Easiest day for engineers on-call everywhere except AWS staff. There’s nothing y...

darkwater · 2025-10-20T08:58:40 1760950720

Well, but tomorrow there will be CTOs asking for a contingency plan if AWS goes down, even if planning, preparing, executing and keeping it up to date as the infra evolves will cost more than the X hours of AWS outage.

There are certainly organizations for which that cost is lower than the overall damage of services being down due to AWS fault, but tomorrow we will hear CTOs from smaller orgs as well.

noir_lord · 2025-10-20T09:33:29 1760952809

They’ll ask, in a week they’ll have other priorities and in a month they’ll have forgotten about it.

This will hold until the next time AWS had a major outage, rinse and repeat.

darkwater · 2025-10-20T09:52:00 1760953920

It's so true it hurts. If you are new in any infra/platform management position you will be scared as hell this week. Then you will just learn that feeling will just disappear by itself in a few days.

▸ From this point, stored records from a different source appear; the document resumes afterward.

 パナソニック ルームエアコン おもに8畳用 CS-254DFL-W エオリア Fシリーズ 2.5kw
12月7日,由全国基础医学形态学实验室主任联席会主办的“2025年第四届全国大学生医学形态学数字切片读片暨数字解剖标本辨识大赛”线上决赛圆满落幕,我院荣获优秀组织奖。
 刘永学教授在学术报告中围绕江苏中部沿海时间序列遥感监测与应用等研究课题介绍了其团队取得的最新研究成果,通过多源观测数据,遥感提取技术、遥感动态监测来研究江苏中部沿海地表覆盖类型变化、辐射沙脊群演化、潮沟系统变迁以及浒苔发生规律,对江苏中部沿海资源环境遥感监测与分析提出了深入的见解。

noir_lord · 2025-10-20T12:17:51 1760962671

Yep, when I was a young programmer I lived in dread of an outage or worse been responsible for a serious bug in production, then I got to watch what happened when it happened to others (and that time I dropped the prod database at half past four on a Friday).

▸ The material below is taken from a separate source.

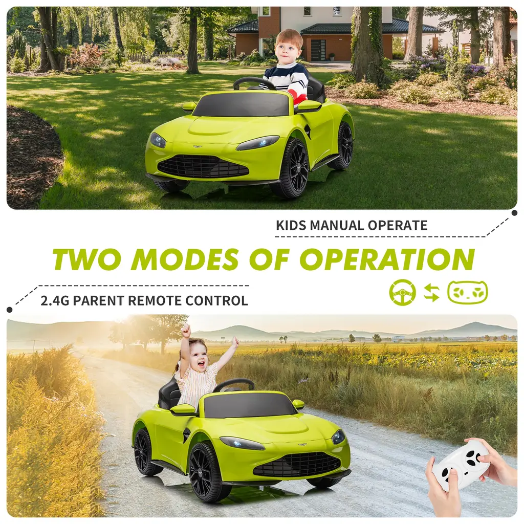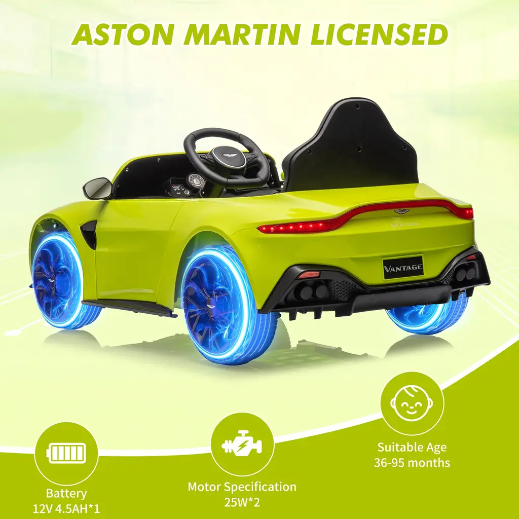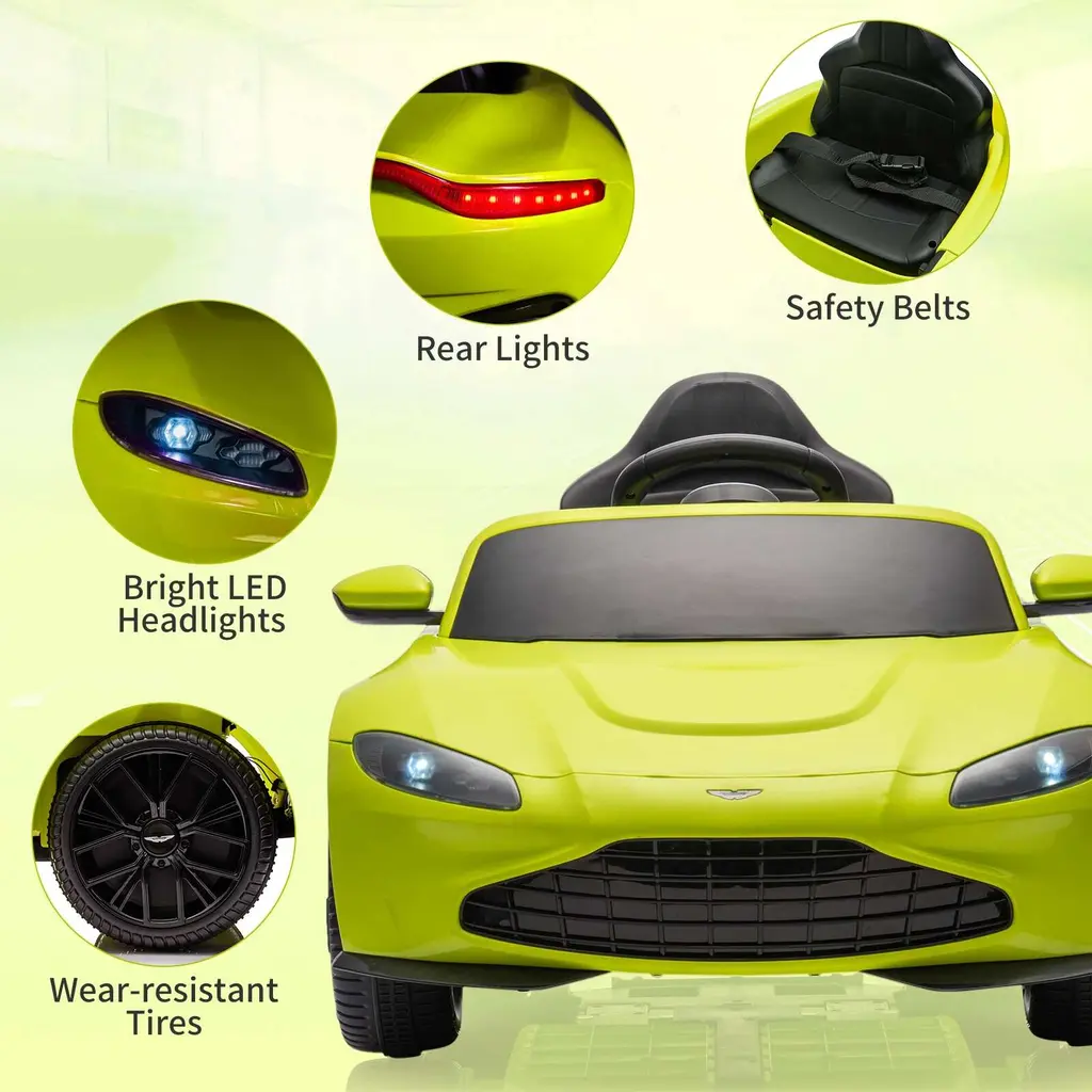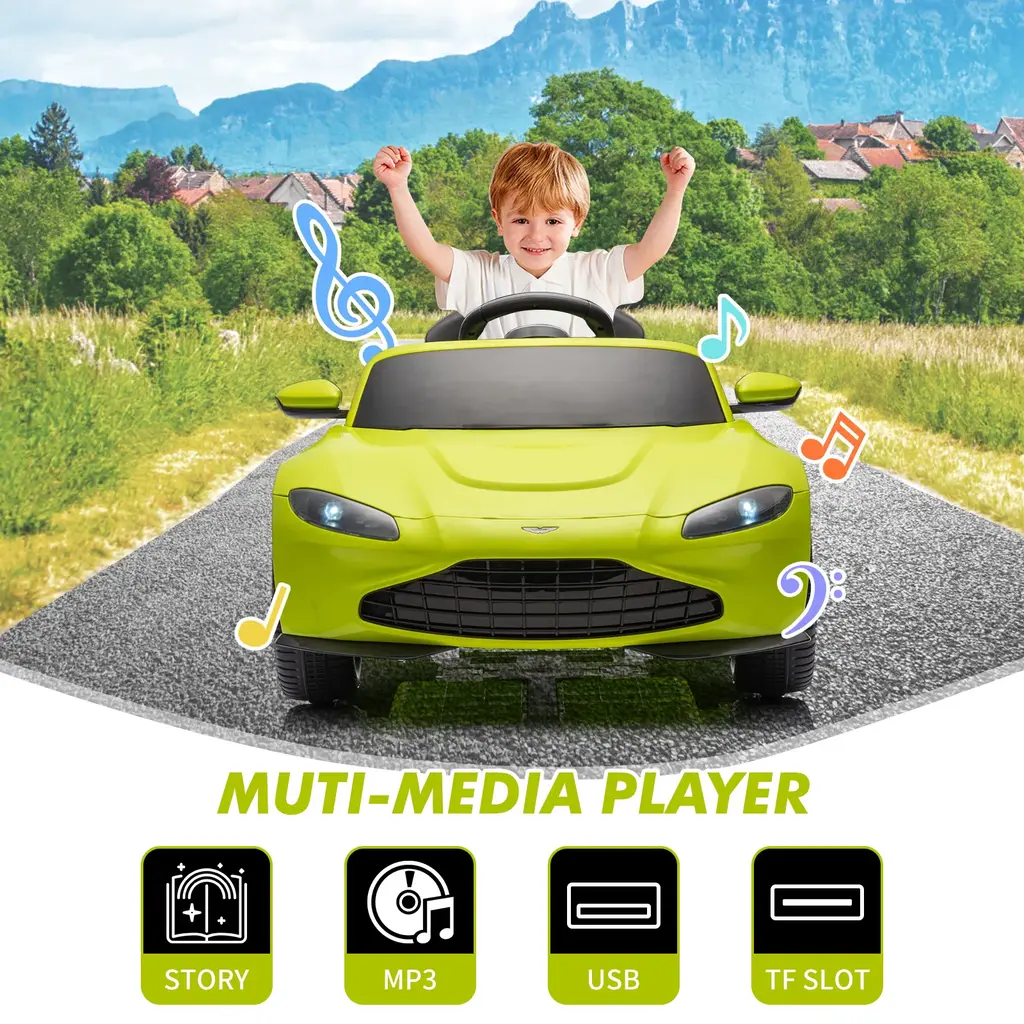 12v Kids Ride On Car Licensed Aston Martin Electric Sports Car Toy For Toddles Battery Powered Car With Remote Control - Green

When everything is some varying degree of broken at all times been responsible for a brief uptick in the background brokenness isn't the drama you think it is.

It would be different if the systems I worked on where true life and death (ATC/Emergency Services etc) but in reality the blast radius from my fucking up somewhere is monetary and even at the biggest company I worked for constrained (while 100+K per hour from an outage sounds horrific - in reality the vast majority of that was made up when the service was back online, people still needed to order the thing in the end).

swat535 · 2025-10-20T18:19:55 1760984395

This applies to literally half of random "feature requests" and "tasks" that are urgent and needed to get done yesterday incoming from the business team..

brazukadev · 2025-10-20T09:15:48 1760951748

Lots of NextJS CTOs are gonna need to think about it for the first time too

mrits · 2025-10-20T11:30:21 1760959821

He will then give it to the CEO who says there is no budget for that

ranger207 · 2025-10-20T13:45:02 1760967902

Honestly? "Nothing because all our vendors are on us-east-1 too"

mvdtnz · 2025-10-20T09:53:12 1760953992

No really true for large systems. We are doing things like deploying mitigations to avoid scale-in (eg services not receiving traffic incorrectly autoscaling down), preparing services for the inevitable storm, managing various circuit breakers, changing service configurations to ease the flow of traffic through the system, etc. We currently have 64 engineers in our on-call room managing this. There's plenty of work to do.

fisf · 2025-10-20T12:27:36 1760963256

Well, some engineer somewhere made the recommendation to go with AWS, even tho it is more expensive than alternatives. That should raise some questions.

array_key_first · 2025-10-20T12:39:38 1760963978

Engineer maybe, executive swindled by sales team? Definitely.

devjam · 2025-10-20T22:16:09 1760998569

> Easiest day for engineers on-call everywhere

I have three words for you: cascading systems failure

aswegs8 · 2025-10-20T09:25:59 1760952359

Can confirm, pretty chill we can blame our current issues on AWS.

codeduck · 2025-10-20T08:53:35 1760950415

and by one I trust you mean a bottle.